To enable anyone in the world to develop such algorithms, the scientists made their database of over 50,000 photographs openly available in 2015. The current paper demonstrates their deep-learning algorithm at work: The researchers assigned every one of 54,306 photographs of diseased and healthy plant leaves to one of 38 classes of crop-disease pairs (e.g. Tomato plant-Tomato Early Blight, Apple tree – Apple scab etc).
They then trained their “deep convolutional neural network” to identify plants and diseases (or lack thereof for healthy plants), and they measured how accurately it could assign each image to the correct class. In total, working with 14 crop species and 26 different plant diseases, the system could identify diseases on images it had never seen before with an accuracy of 99.35%.
Building the algorithm and training the model require significant computing power and time, but once trained, the classification task itself is very fast, and the resulting code is small enough to be easily installed on a smartphone. "This presents a clear path towards smartphone-assisted crop-disease diagnosis on a massive global scale,” says lead author Sharada Mohanty.
However, these photographs were taken under controlled conditions of lighting, color etc, which don’t always correspond to a snapshot taken in a field. To address this, the team is now expanding their database of images to about 150,000 in order to improve the system’s ability to identify diseases. In addition, they are planning to also expand the amount of data that the network will use to make accurate diagnoses.
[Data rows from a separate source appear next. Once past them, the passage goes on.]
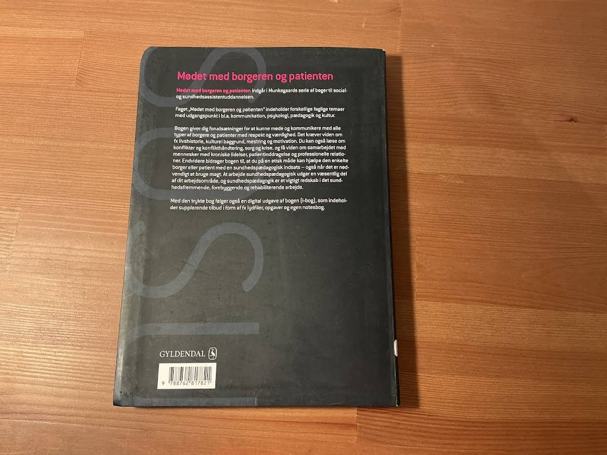 • Mødet med borgeren og patienten (SSA) (med iBog), Bente Søndergaard, Kirsten Halskov Madsen, Anja Semke, Henrik Wiben, Birgitte Gøtzsche, Jean Hagstrøm, Anne-Lisbeth Pedersen, Britta Fuhlendorff, Anna C. Engers, Metha Frøjk, 9788762817821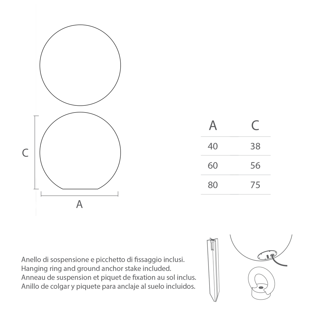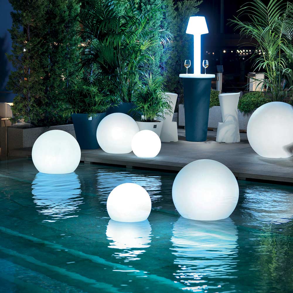 This outdoor lamp is made entirely in Italy in polyethylene , a high quality material that makes this product highly stable and resistant to atmospheric agents, perfect for positioning in various outdoor spaces. A furnishing accessory with a spherical shape available in various sizes that will capture your imaginative mind, allowing you to play with the most varied and personalized combinations.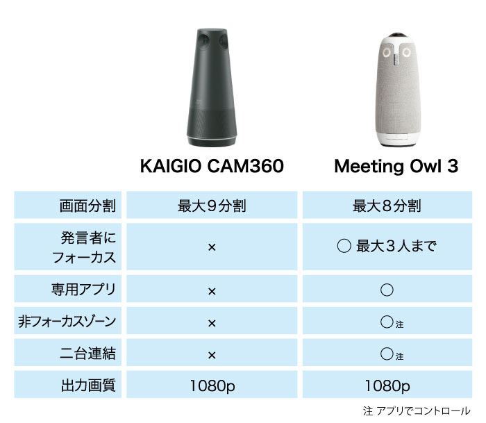 「カイギオカム」「ミーティングオウル」はweb会議室に必要な機材が一台で揃い、パソコンに接続するだけで会議を始められます。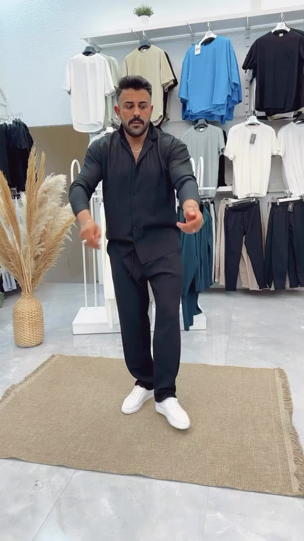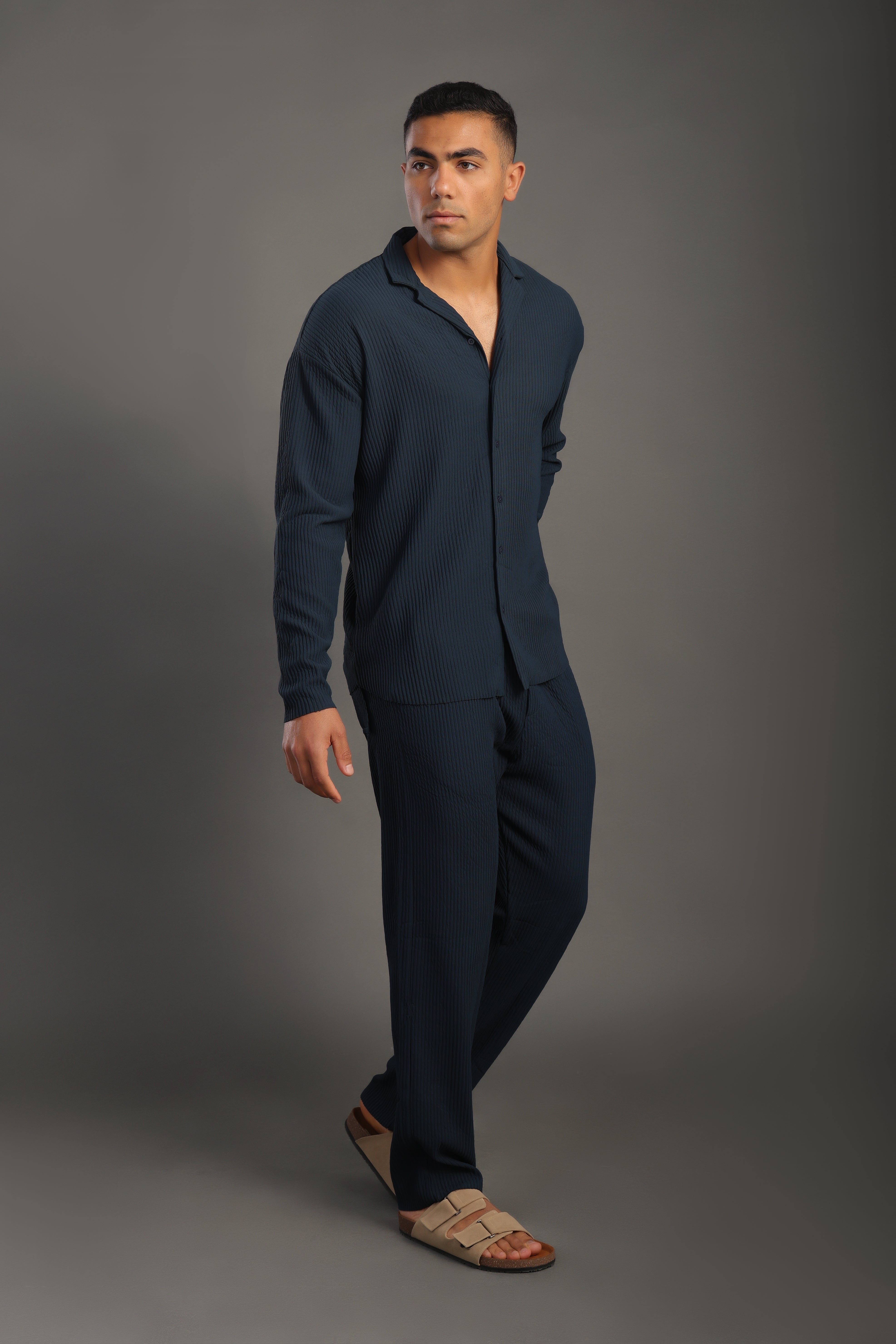 • Men's Petrol Blue Stripes Long Sleeve Pleated Shirt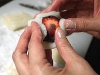 もち生地を平らにのばし、中央にいちごを包んだあんをのせ、底を閉じるように包み込んで、出来上がりです。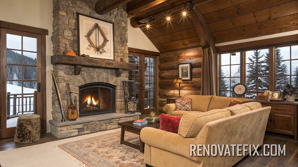Faux fur throws add luxury while vintage ski posters bring nostalgic charm.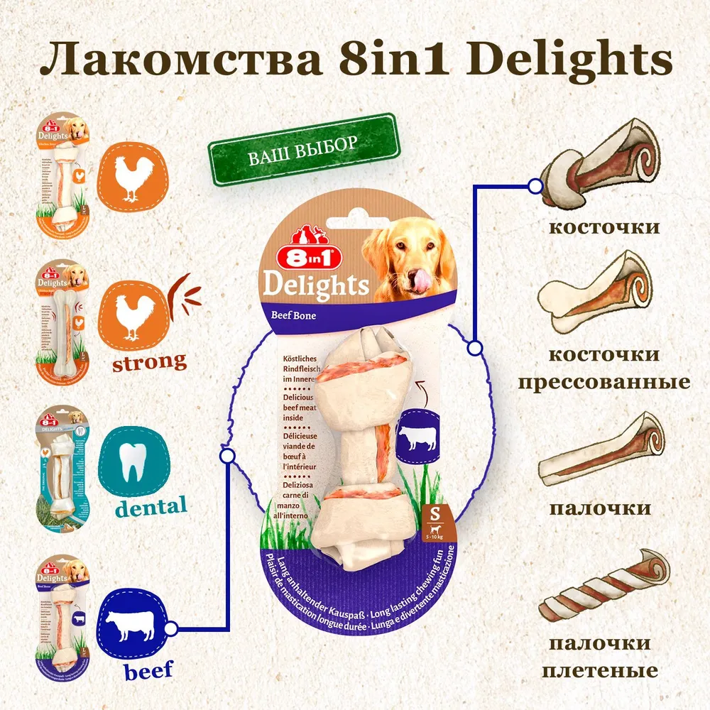 Косточка (8in1) Delights Beef S жевательная с говядиной для мелких собак 11см, 35гр (8764)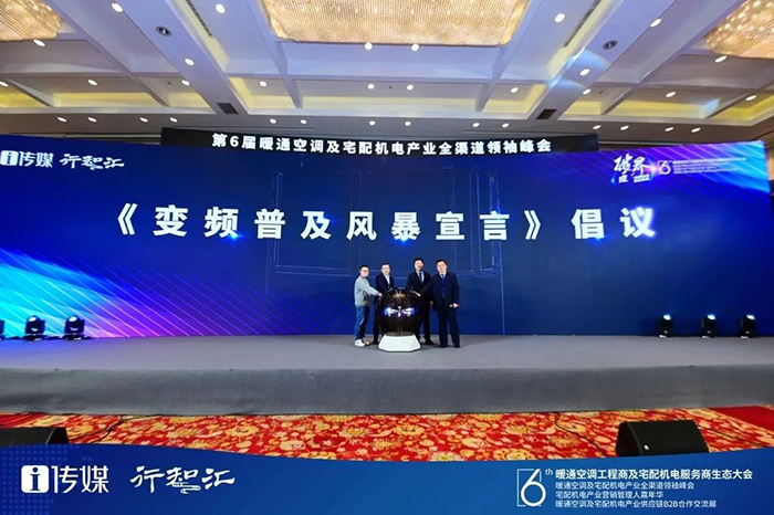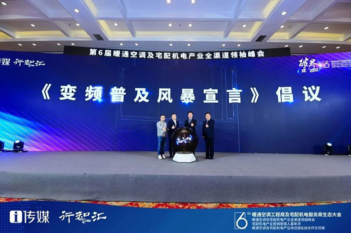基於“雙(shuāng)碳”政策目標、暖通空調行業“節能減排”重任、變頻技(jì)術的巨大市場空間等社會(huì)現狀,EK依托自身在“變頻”技術上的深厚積累,以及(jí)對“雙(shuāng)碳(tàn)”政策的積極響應,決定向全行業發起變頻模塊普及倡議,呼籲並引導行業邁入模塊機全變頻時代。EK空調市場營銷總監王健作為代(dài)表(biǎo),上(shàng)台宣讀了EK《變(biàn)頻(pín)普及(jí)風暴倡議》。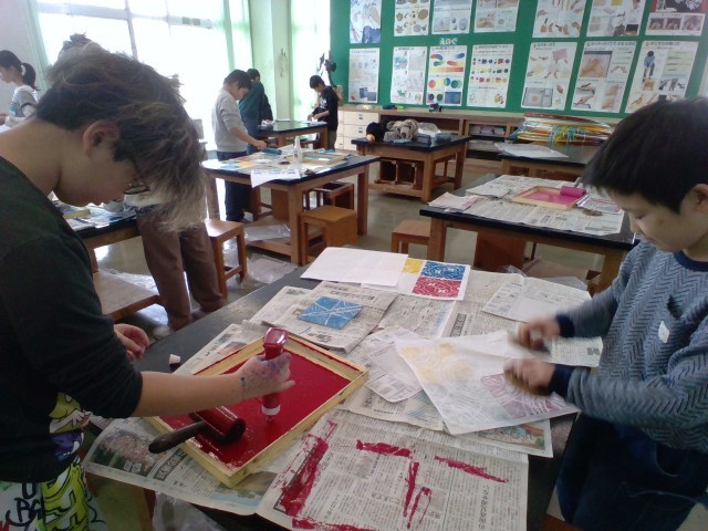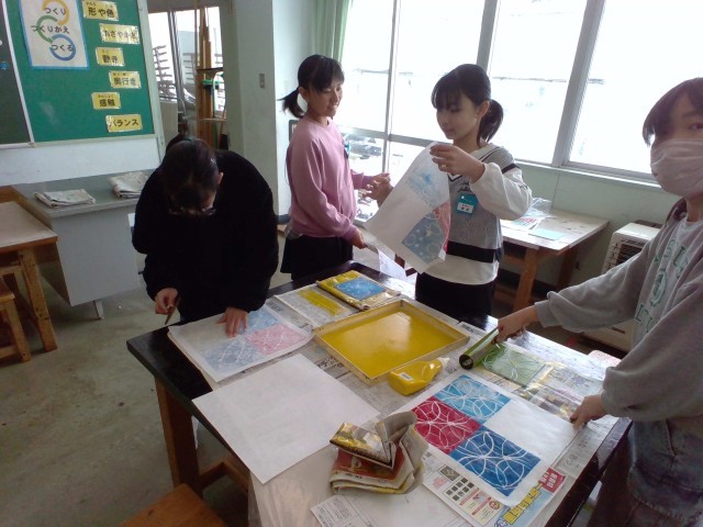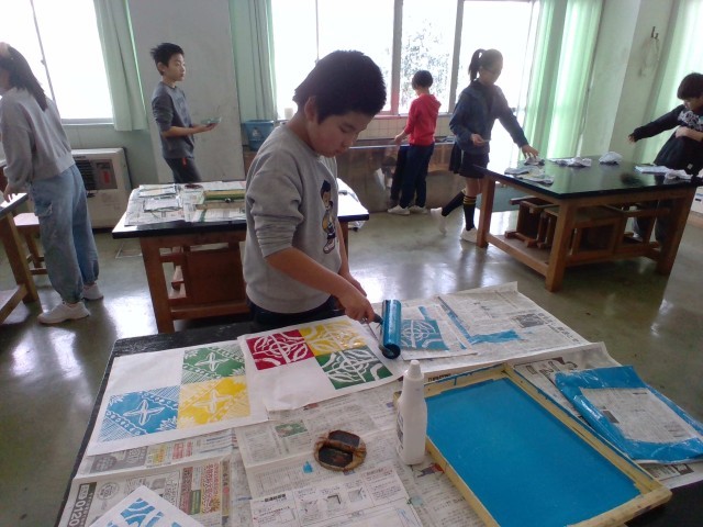 図工の学習で版画を作っています。彫った板を紙に写し模様を作りました。きれいな作品を作ることができました。

“At this point, we’re relying on a photograph taken by a user in a field under natural conditions,” explains Salathé. “But in the future, we would like to also bring in time, location, epidemiological trends, weather conditions and other signals to bear upon the network, which would vastly improve its abilities.” Although this system aims to supplement rather than replace existing diagnostic methods, the fact that there will be over 5 billion smartphones around the world by 2020 will be a tremendous advantage.
“We do believe that the approach represents a viable additional method to help prevent yield loss," says David Hughes. "With the ever-improving number and quality of sensors on mobile devices, we consider it likely that highly accurate diagnoses via the smartphone are only a question of time."